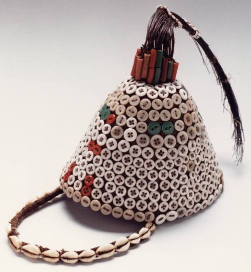 MediumRaffia, imported buttons, cowrie shells, fiber, elephant tail
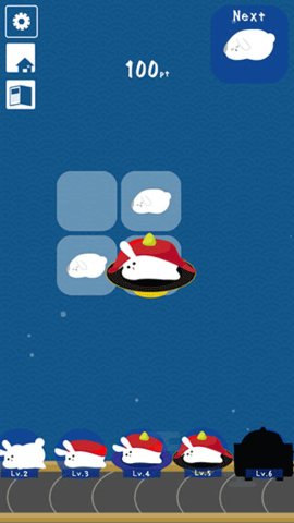 1.核心玩法聚焦于合成与收集,通过滑动旋转网格,将三个或以上相同的兔子寿司排列在一起,便会融合进化成更高级的形态。
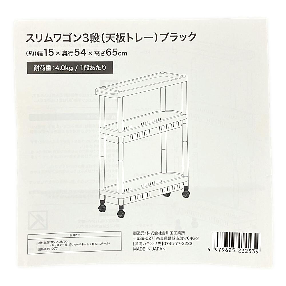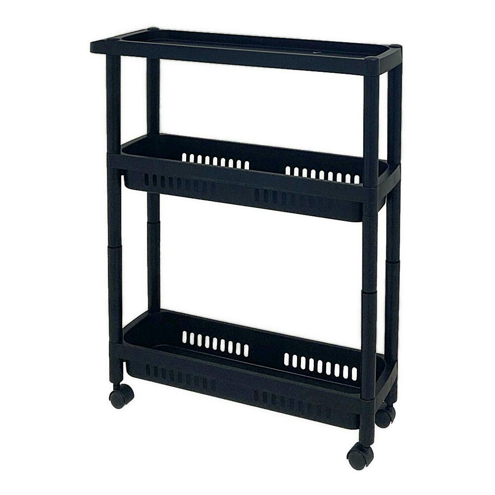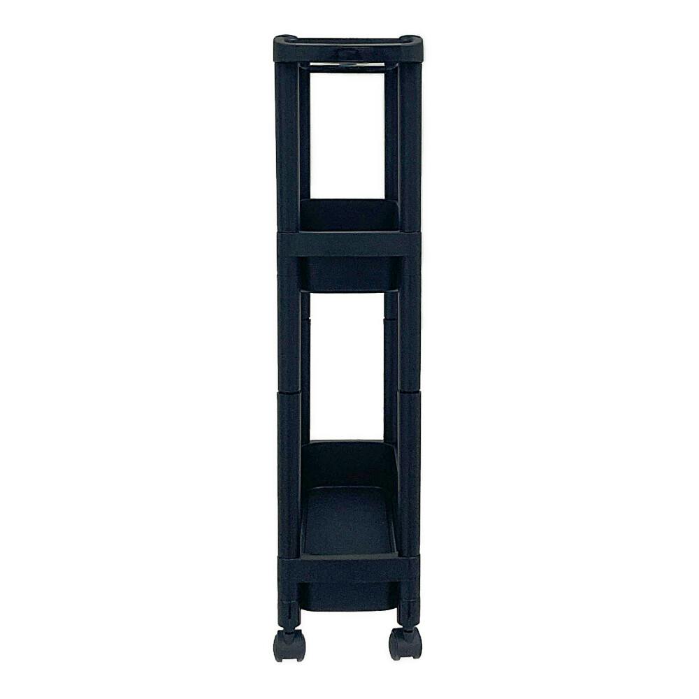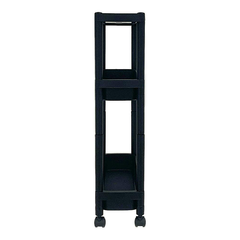 天板トレー付きスリムワゴン3段 ブラック 幅15cm 奥行54cm 高さ65cm
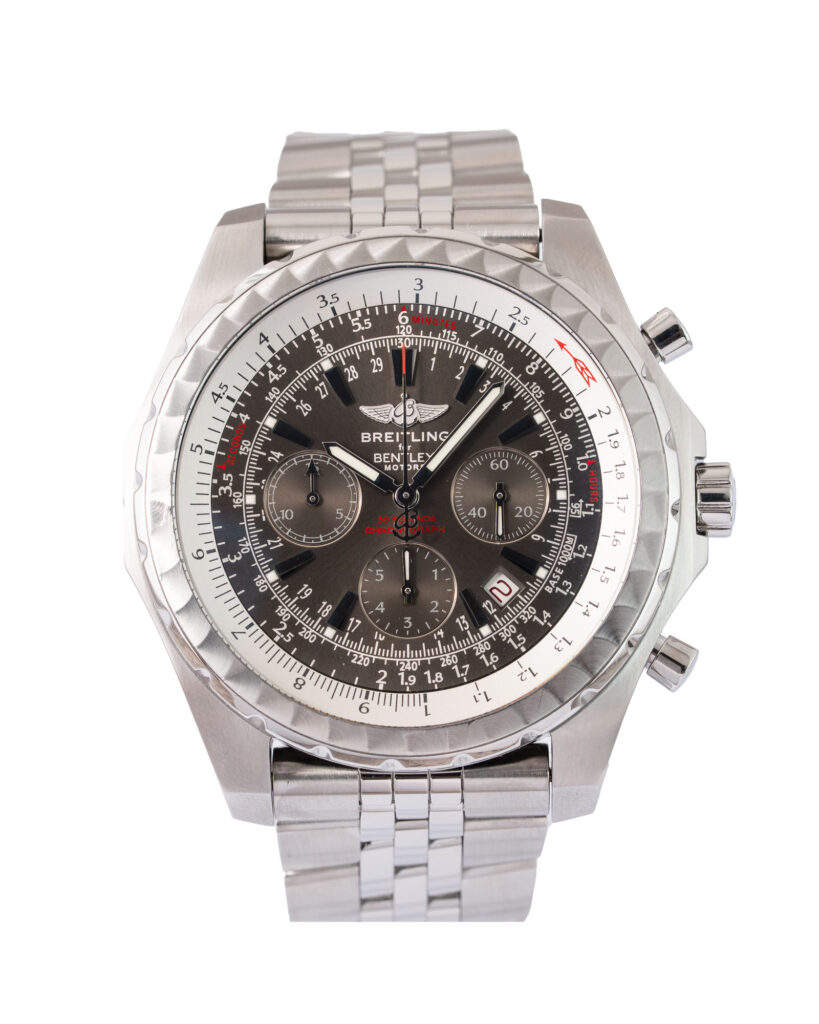 brand: Breitling Reference: A25363 Model: Bentley Motors case MATERIAL: Steel strap: Bracelet case Size (MM): 48mm Dial colour: Grey Bezel: Steel Condition: Excellent Box papers : Watch Only
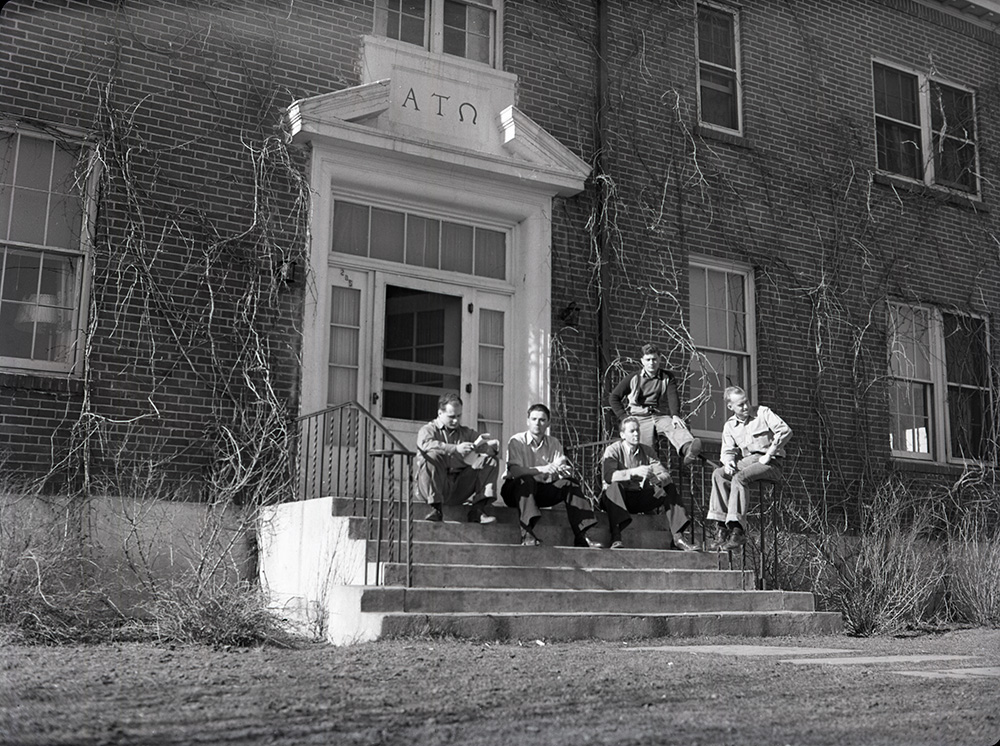 A porch with a view ID: 487 | This file appears in: Alpha Tau Omega Five unidentified students in front of the house, most likely in the 1950s. | Date: ca. 1950s | Source: University Archives, University of Nevada, Reno Libraries Download Original File SourceUniversity Archives, University of Nevada, Reno LibrariesDateca. 1950s "A porch with a view " appears in: Alpha Tau Omega
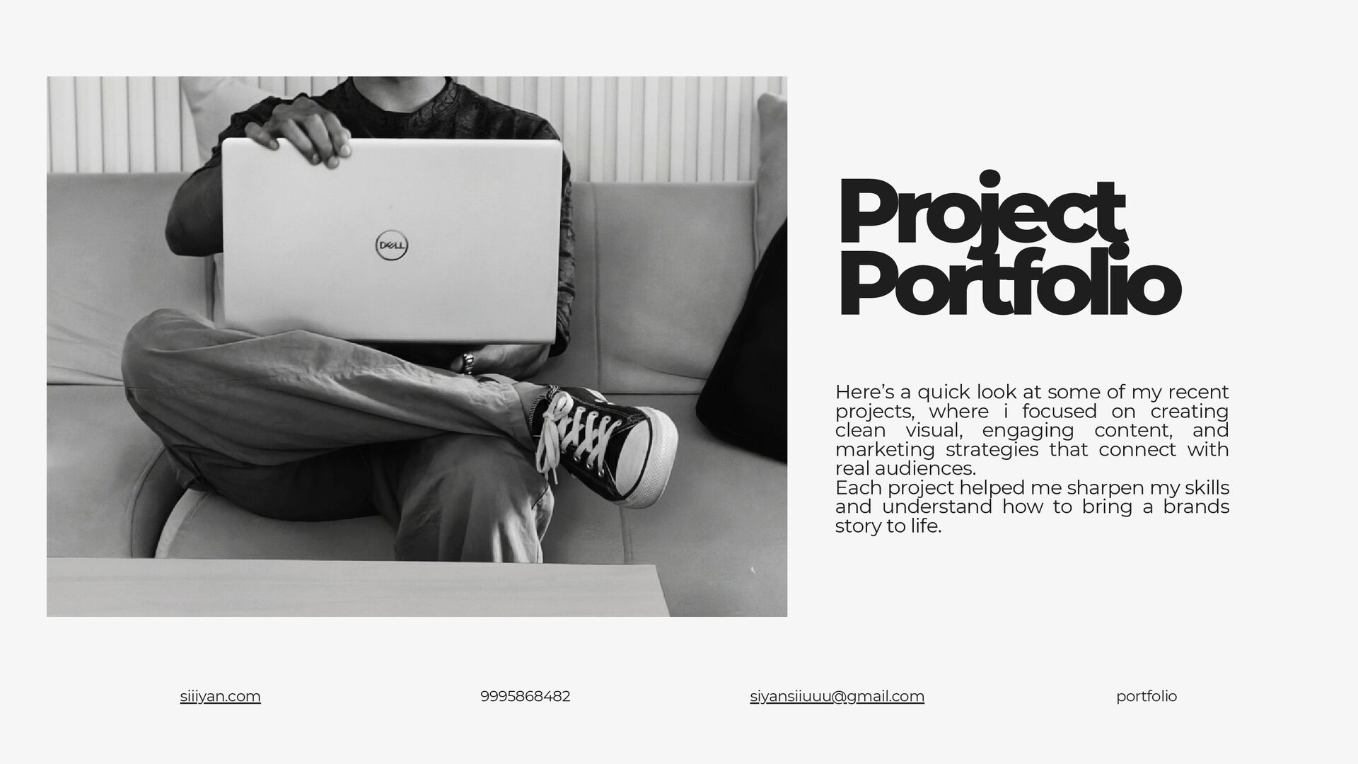 recent projects, where i focused on creating clean visual, engaging content, and marketing strategies that connect with real audiences. Each project helped me sharpen my skills and understand how to bring a brands story to life. 9995868482 [email protected] siiiyan.com portfolio
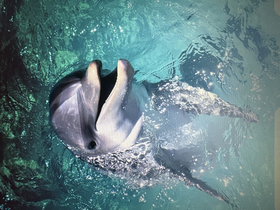 - "A single, mature bottlenose dolphin is depicted partially breaching the surface of highly clear, turquoise-colored water" by FM-hqQHl2, licensed under CC BY 4.0
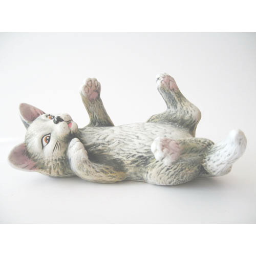 Réf. 06-049b chat couché sur le dos, figurine peinte, L 19 x l 12,5 x h 9,5
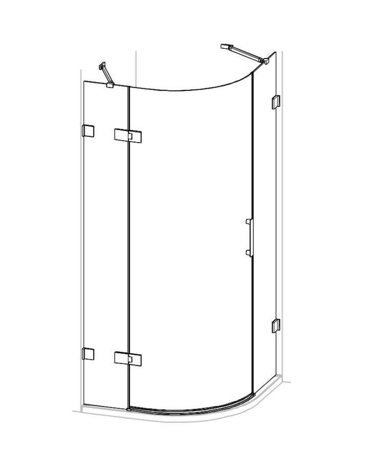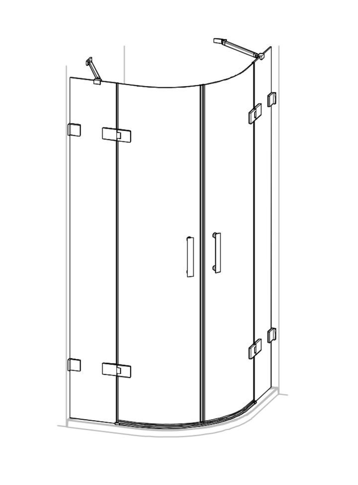Solva pure rahmenlos 1/4 Kreis Schwingtür mit festen Segmenten 2-flüglig
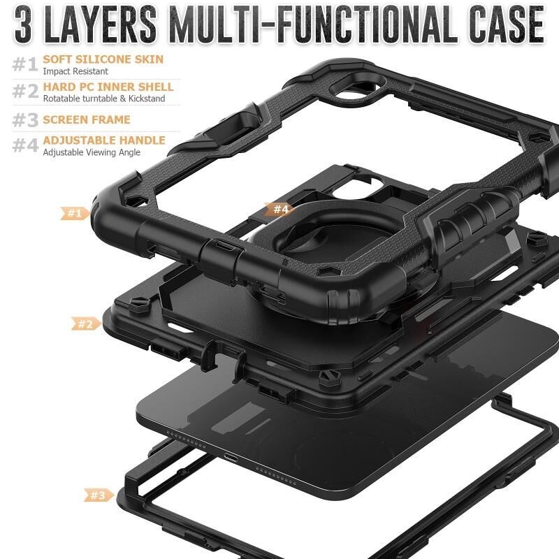 Για iPad mini 2024 / mini 6 Βραχιόλι Στήριξης + Θήκη Ταμπλέτας από Σιλικόνη + PC (Μαύρο)
++++++++++++++++++++
WORK TASK -
Your output should be the lines above from the one that contains "1.核心玩法聚焦于合成与收集" through the one that contains "A porch with a view ID: 487", word for word, with pictures left out.

TASK RESULT -
 1.核心玩法聚焦于合成与收集,通过滑动旋转网格,将三个或以上相同的兔子寿司排列在一起,便会融合进化成更高级的形态。
 天板トレー付きスリムワゴン3段 ブラック 幅15cm 奥行54cm 高さ65cm
 brand: Breitling Reference: A25363 Model: Bentley Motors case MATERIAL: Steel strap: Bracelet case Size (MM): 48mm Dial colour: Grey Bezel: Steel Condition: Excellent Box papers : Watch Only
 A porch with a view ID: 487 | This file appears in: Alpha Tau Omega Five unidentified students in front of the house, most likely in the 1950s. | Date: ca. 1950s | Source: University Archives, University of Nevada, Reno Libraries Download Original File SourceUniversity Archives, University of Nevada, Reno LibrariesDateca. 1950s "A porch with a view " appears in: Alpha Tau Omega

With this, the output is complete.